+++ Information shown

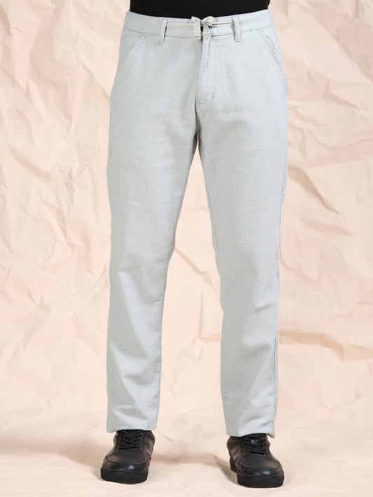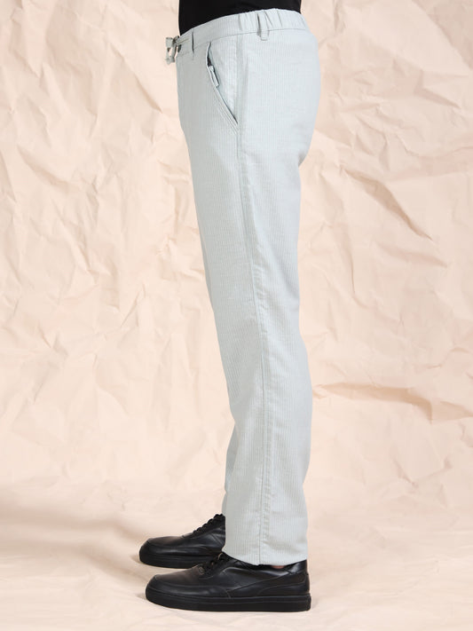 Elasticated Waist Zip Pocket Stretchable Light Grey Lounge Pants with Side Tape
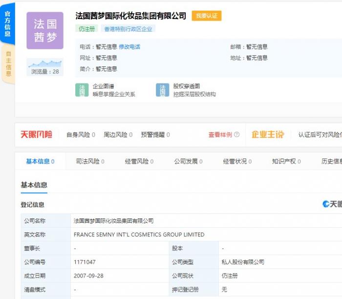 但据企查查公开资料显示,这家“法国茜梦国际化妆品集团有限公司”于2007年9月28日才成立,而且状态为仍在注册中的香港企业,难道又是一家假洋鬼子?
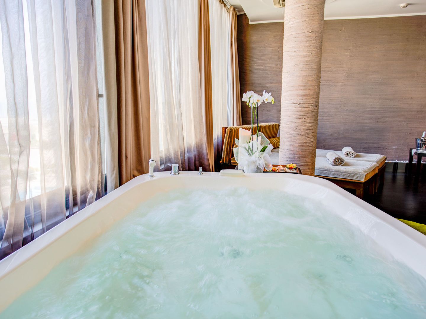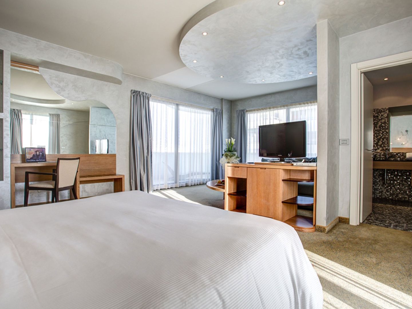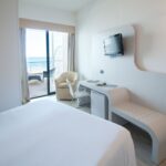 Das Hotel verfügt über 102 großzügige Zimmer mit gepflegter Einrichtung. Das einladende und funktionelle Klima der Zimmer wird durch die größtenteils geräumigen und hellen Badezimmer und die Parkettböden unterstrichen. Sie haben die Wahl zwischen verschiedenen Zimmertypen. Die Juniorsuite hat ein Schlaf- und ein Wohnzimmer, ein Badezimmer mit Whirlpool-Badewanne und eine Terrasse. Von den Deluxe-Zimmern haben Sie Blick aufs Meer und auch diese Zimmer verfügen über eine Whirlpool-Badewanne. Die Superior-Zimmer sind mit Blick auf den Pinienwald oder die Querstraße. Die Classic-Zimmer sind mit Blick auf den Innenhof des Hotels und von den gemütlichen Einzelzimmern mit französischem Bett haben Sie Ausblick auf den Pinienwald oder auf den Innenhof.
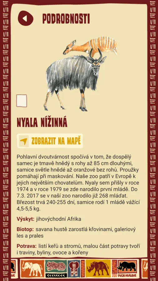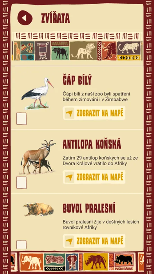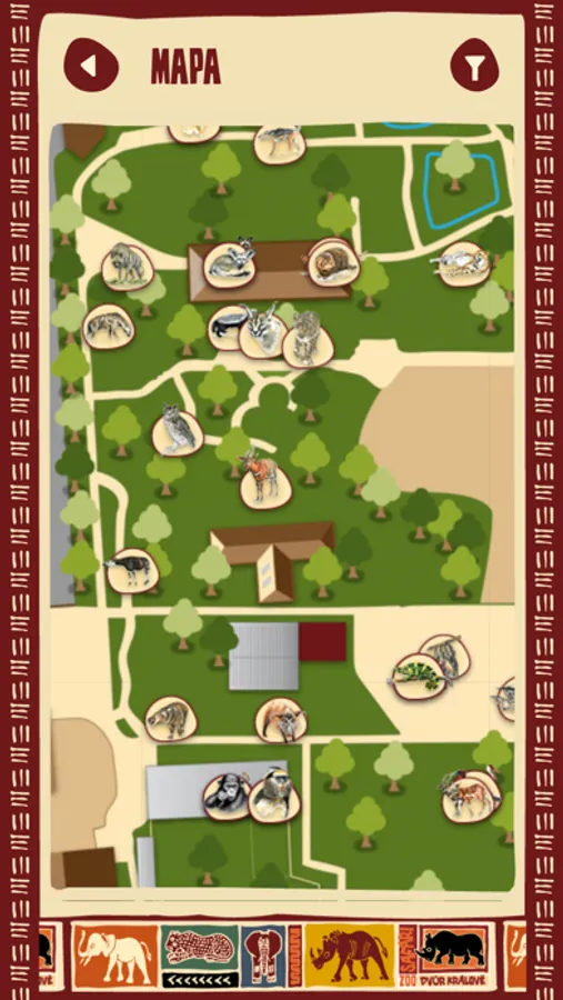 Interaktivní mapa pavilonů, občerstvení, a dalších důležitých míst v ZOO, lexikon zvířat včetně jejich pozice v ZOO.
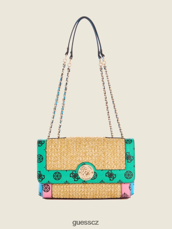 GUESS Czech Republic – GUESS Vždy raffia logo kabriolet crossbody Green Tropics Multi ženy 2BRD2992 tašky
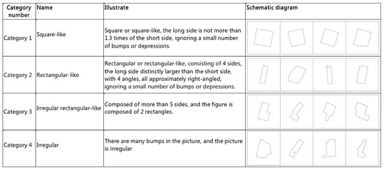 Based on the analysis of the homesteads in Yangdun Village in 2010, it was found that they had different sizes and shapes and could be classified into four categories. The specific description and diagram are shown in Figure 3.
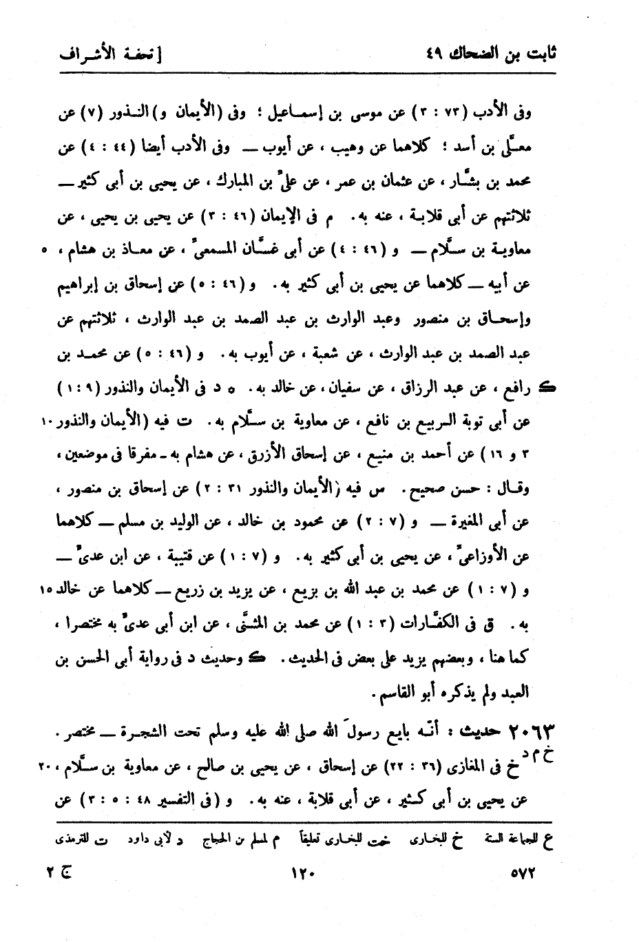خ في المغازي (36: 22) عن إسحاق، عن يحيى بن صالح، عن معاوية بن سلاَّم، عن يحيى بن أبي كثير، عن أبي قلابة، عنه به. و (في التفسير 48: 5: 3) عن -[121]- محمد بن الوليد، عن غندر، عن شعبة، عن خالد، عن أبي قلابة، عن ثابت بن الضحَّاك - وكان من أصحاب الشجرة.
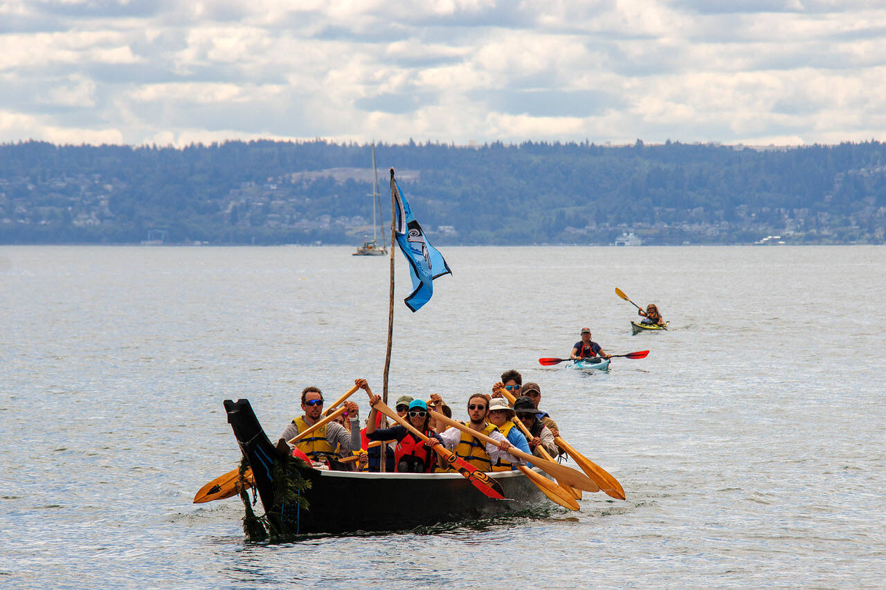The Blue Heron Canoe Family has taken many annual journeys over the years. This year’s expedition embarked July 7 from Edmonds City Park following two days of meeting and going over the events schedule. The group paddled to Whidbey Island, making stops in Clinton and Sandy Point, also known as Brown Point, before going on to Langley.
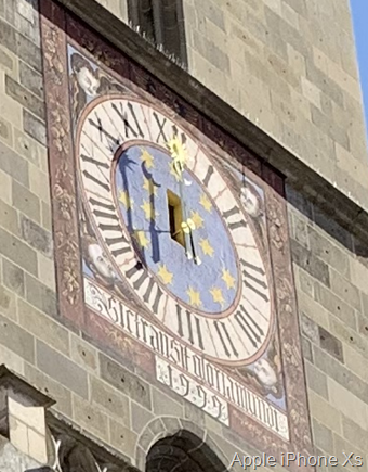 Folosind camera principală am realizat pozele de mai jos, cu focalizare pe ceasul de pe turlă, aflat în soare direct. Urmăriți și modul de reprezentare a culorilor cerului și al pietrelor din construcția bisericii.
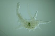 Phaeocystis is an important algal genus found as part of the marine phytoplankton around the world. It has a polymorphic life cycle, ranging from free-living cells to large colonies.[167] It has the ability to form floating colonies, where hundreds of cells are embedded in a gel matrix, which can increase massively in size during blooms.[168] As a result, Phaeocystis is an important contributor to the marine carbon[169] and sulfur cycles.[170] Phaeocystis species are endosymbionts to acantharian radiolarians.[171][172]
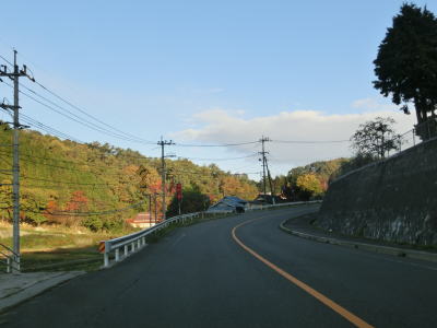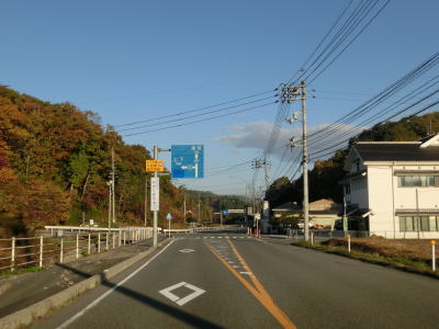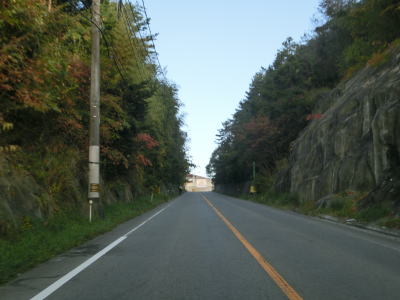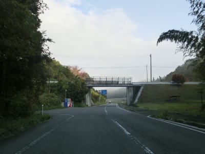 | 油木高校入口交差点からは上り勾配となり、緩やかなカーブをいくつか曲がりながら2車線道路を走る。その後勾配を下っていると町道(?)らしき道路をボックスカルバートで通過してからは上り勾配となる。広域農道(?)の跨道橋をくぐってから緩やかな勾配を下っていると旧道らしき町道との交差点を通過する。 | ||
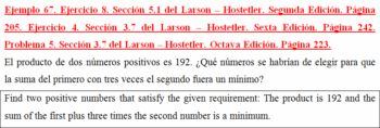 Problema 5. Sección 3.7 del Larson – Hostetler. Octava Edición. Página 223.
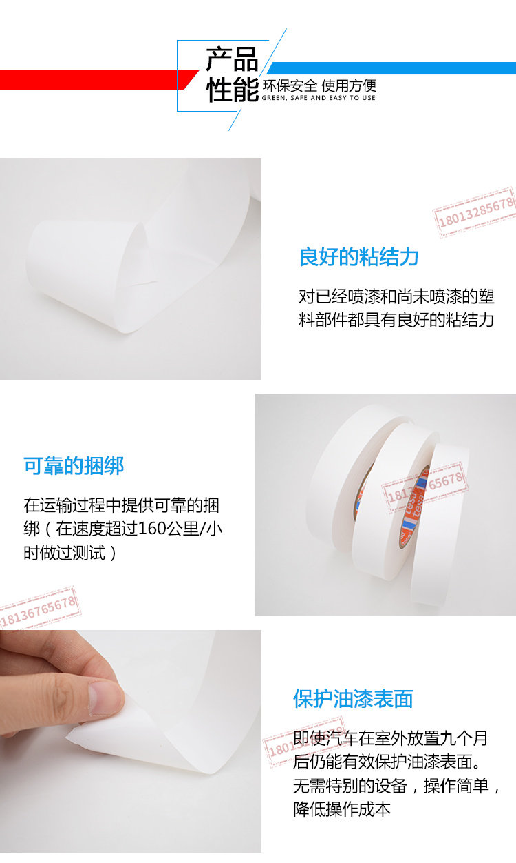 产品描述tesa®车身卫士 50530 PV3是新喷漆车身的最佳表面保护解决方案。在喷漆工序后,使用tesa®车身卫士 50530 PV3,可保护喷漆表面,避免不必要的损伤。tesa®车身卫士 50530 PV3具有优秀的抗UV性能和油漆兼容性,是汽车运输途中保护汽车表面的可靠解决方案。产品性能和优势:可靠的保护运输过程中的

++++++

• Work required: The copy should hold exactly the lines from the line containing "GUESS Czech Republic" through the last line of the records, both included, and no pictures or other lines.

• Answer space:
 GUESS Czech Republic – GUESS Vždy raffia logo kabriolet crossbody Green Tropics Multi ženy 2BRD2992 tašky
 Based on the analysis of the homesteads in Yangdun Village in 2010, it was found that they had different sizes and shapes and could be classified into four categories. The specific description and diagram are shown in Figure 3.
خ في المغازي (36: 22) عن إسحاق، عن يحيى بن صالح، عن معاوية بن سلاَّم، عن يحيى بن أبي كثير، عن أبي قلابة، عنه به. و (في التفسير 48: 5: 3) عن -[121]- محمد بن الوليد، عن غندر، عن شعبة، عن خالد، عن أبي قلابة، عن ثابت بن الضحَّاك - وكان من أصحاب الشجرة.
The Blue Heron Canoe Family has taken many annual journeys over the years. This year’s expedition embarked July 7 from Edmonds City Park following two days of meeting and going over the events schedule. The group paddled to Whidbey Island, making stops in Clinton and Sandy Point, also known as Brown Point, before going on to Langley.
 Folosind camera principală am realizat pozele de mai jos, cu focalizare pe ceasul de pe turlă, aflat în soare direct. Urmăriți și modul de reprezentare a culorilor cerului și al pietrelor din construcția bisericii.
 Phaeocystis is an important algal genus found as part of the marine phytoplankton around the world. It has a polymorphic life cycle, ranging from free-living cells to large colonies.[167] It has the ability to form floating colonies, where hundreds of cells are embedded in a gel matrix, which can increase massively in size during blooms.[168] As a result, Phaeocystis is an important contributor to the marine carbon[169] and sulfur cycles.[170] Phaeocystis species are endosymbionts to acantharian radiolarians.[171][172]
 | 油木高校入口交差点からは上り勾配となり、緩やかなカーブをいくつか曲がりながら2車線道路を走る。その後勾配を下っていると町道(?)らしき道路をボックスカルバートで通過してからは上り勾配となる。広域農道(?)の跨道橋をくぐってから緩やかな勾配を下っていると旧道らしき町道との交差点を通過する。 | ||
 Problema 5. Sección 3.7 del Larson – Hostetler. Octava Edición. Página 223.
 产品描述tesa®车身卫士 50530 PV3是新喷漆车身的最佳表面保护解决方案。在喷漆工序后,使用tesa®车身卫士 50530 PV3,可保护喷漆表面,避免不必要的损伤。tesa®车身卫士 50530 PV3具有优秀的抗UV性能和油漆兼容性,是汽车运输途中保护汽车表面的可靠解决方案。产品性能和优势:可靠的保护运输过程中的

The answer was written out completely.